Kula Fuels Reduction Project

Removing invasive trees and plants that are known fire fuels and reoccupying spaces with native forest to bring back shade, moisture, and long-term resiliency to Kula moku and our watersheds.

Since our work began in September 2023, KCWA has successfully completed ecologically responsible fuels reduction across 58 acres of the Kula Fire burn scar and adjacent areas of Pōhakuokala in the Waiakoa watershed.

Our organization is aware that the Natural Resources Conservation Service (NRCS) and their Emergency Watershed Protection Program has approved funding to cover fuels reduction and weed removal in fire-impacted areas. With the Central Maui Soil & Water Conservation District as the sponsor of those funds, landowner agreements have been signed and professional contractors began work in the gulch in April 2025.

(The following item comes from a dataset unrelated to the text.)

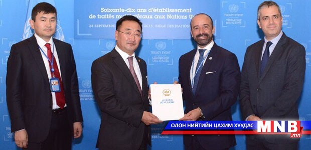 2015 оны есдүгээр сарын 28-ны өдөр Гадаад хэргийн сайд Л.Пүрэвсүрэн "Хүүхдийн эрхийн тухай конвенцийн мэдээлэл хүргүүлэх журмын тухай нэмэлт протокол" болон "Мөнгөн усны тухай Минаматагийн конвенц"-ийг соёрхон баталсан тухай Ерөнхийлөгчийн Батламж жуух бичгийг НҮБ-ын Хууль эрх зүйн албанд гардуулж өгөв.

With that tremendous resource moving itʻs way through, KCWA’s advisors and site visit teams have determined there is still need for fire fuels reduction due to the agressive regrowth of black wattle trees. We have partnered with the U.S. Forest Service Wildland-Urban Interface program, the Hawaiʻi Wildfire Management Organization, and the team at Hydroflask to finish the work.

Wipe Out Wattle

With a goal to prevent future wildfires across 35 acres in the Kula Fire burn scar and adjacent areas, our latest project, Wipe Out Wattle, aims to provide science-backed, professionally-led wattle eradication support throughout the Kula Fire burn scar. Many of the areas that burned in 2023 are on very steep slopes. With wattle being one of the fastest to regenerate after a fire, those slopes are now filled with wattle that is out of reach to landowners and recovery volunteers.

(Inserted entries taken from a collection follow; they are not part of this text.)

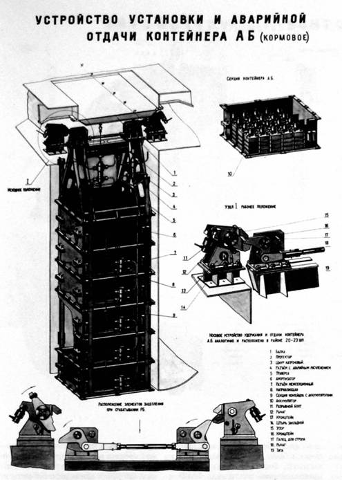 Специалисты бюро по устройствам под руководством А.Д.Озерова произвели необходимые расчеты и разработали оригинальные конструкции спускоподъемного, буксирного, якорного и швартовного устройств, входного люка и иллюминаторов.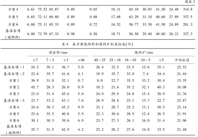 ( 2) 方案 1 比 2 的成品率高 5. 7%,說明蒸汽噴吹位置太靠前會影響成品率,這應(yīng)是由于點(diǎn)火后料層紅層相對較薄,蒸汽接觸紅層后進(jìn)行吸熱反應(yīng),導(dǎo)致表層質(zhì)量變差形成返礦。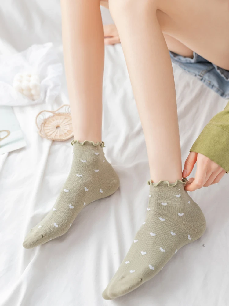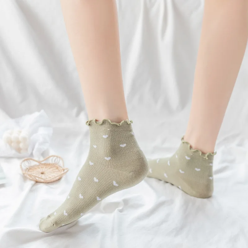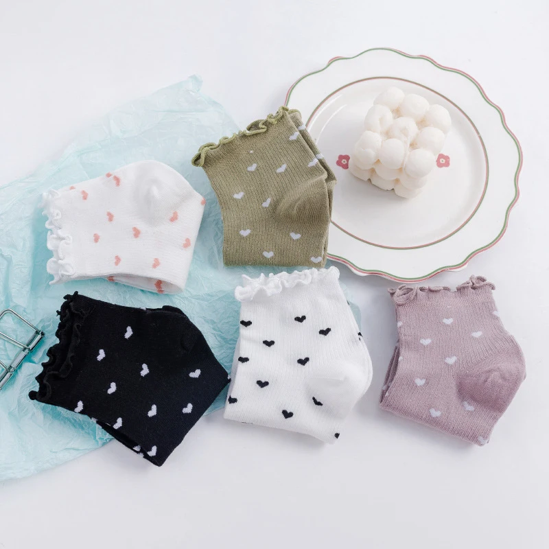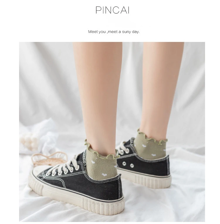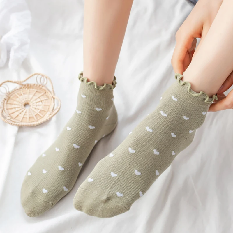Женские носки с оборками и принтом love, милые уличные стильные хлопковые носки в японском стиле, женские носки в стиле Харадзюку

Kula Community Watershed Alliance has raised the funds and partnered with experts to ensure we can support these landowners that have already gone through so much. Wipe Out Wattle began on May 1st, and aims to complete itʻs first phase before the end of May.

Wipe Out Wattle helps on a number of fronts: it keeps our community safe from one of our most dangerous fire fuels, helping to eradicate it for good, and prepares the land for restoration with stabilizing native species. Restoration has been the goal of KCWA from the start, and maintaining invasive species control and fuels reduction in the burn scar is a very high priority of ours.